# Why is everyone getting so mad???



## JoeysVee (Jun 12, 2006)

Why is everyone getting so mad and viciously pissed off because the results aren't in yet?

I'm still not sure why some of you thought it would be here the 1st week of June. Try to be patient and not get so mad. It takes this long every time...we knew it took a long time going into the waiting period. I think we have about 10 days left before we find out. :thumbsup:

If the waiting period is the same as last October the results will be here around July 24th..so lets not get mad until they get behind. I know it?s crazy that it takes this long but it does and we knew this from the beginning so let?s continue to bitch about how long it takes them to grade a scantron but let?s not get viciously mad.

Let?s just be patient and just remain calm. If we have no results until the 25th then all hell will break loose!

:beerchug


----------



## rleon82 (Jun 12, 2006)

Considering if I passed. The delay from previous April Exams, is costing me $$$. Every additional day of delay is pushing back salary adjustments.

You should know you do not come between an Engineer and his $$$. :brick:


----------



## Road Guy (Jun 12, 2006)

I mainly just need something new :dunno: to bitch about


----------



## EdinNO (Jun 12, 2006)

I'll tell you why I'm getting mad: :thumbsup:

1) The results were out June 6th in my state last year... come and gone.

2) I am starting a new job with major PE implications.

3) I think they could be a little more forthright with the inforamtion.

4) I have seen several other professions in which the examinees are treated a lot more like they should be- results are instantaneous

5) There are so many rumors going around and now people are saying mid July, its frustrating

6) If I have to retest, I can't get in the mindset unless I get a failing result. But, the result is so far coming that I won't have much time to prepare.

7) Would you honestly keep people in the dark like this if you were in the position to be a little more considerate about things?

8) I am putting off some other things in life dealing with investments and education pending whether or not I'm going to have free time between now and October or not.

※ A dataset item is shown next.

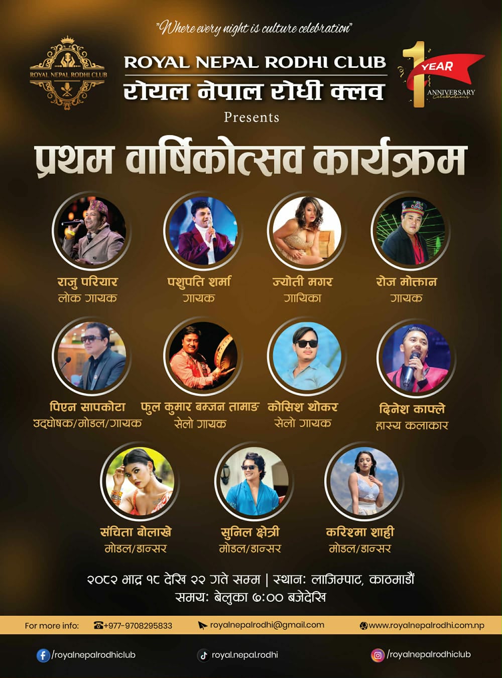 गत एक वर्षको उपलब्धि र अनुभवलाई स्मरण गर्दै, रोयल नेपाल रोधी क्लबले यस वार्षिकोत्सवलाई नेपाली कला, संस्कृति र आधुनिक आतिथ्यको विलासी संगमका रूपमा प्रस्तुत गर्ने लक्ष्य लिएको छ। क्लबले आगामी दिनमा अझ गुणस्तरीय सेवा, स्वादिष्ट र स्वास्थ्यप्रद भोजन, प्रीमियम पेय पदार्थ तथा आकर्षक सांगीतिक/सांस्कृतिक प्रस्तुतिमार्फत पाहुनालाई उत्कृष्ट अनुभव प्रदान गर्ने प्रतिबद्धता जनाएको छ।

Could go on. But I really think this whole thing is totally absurd. Yeah, I am probably over-reacting. But I just can't take things like this lying down and rolling over. :tone:

Ed


----------



## Road Guy (Jun 12, 2006)

Good reasons!

I looked at my "huge box" of study material over the weekend, I really just want to know if I can chunk it or if I need to re-organize it


----------



## rleon82 (Jun 12, 2006)

Don't chuck it, sell it.


----------



## Road Guy (Jun 12, 2006)

I will sell most of, it, however I would get great satisfaction from setting it all on fire and burning it.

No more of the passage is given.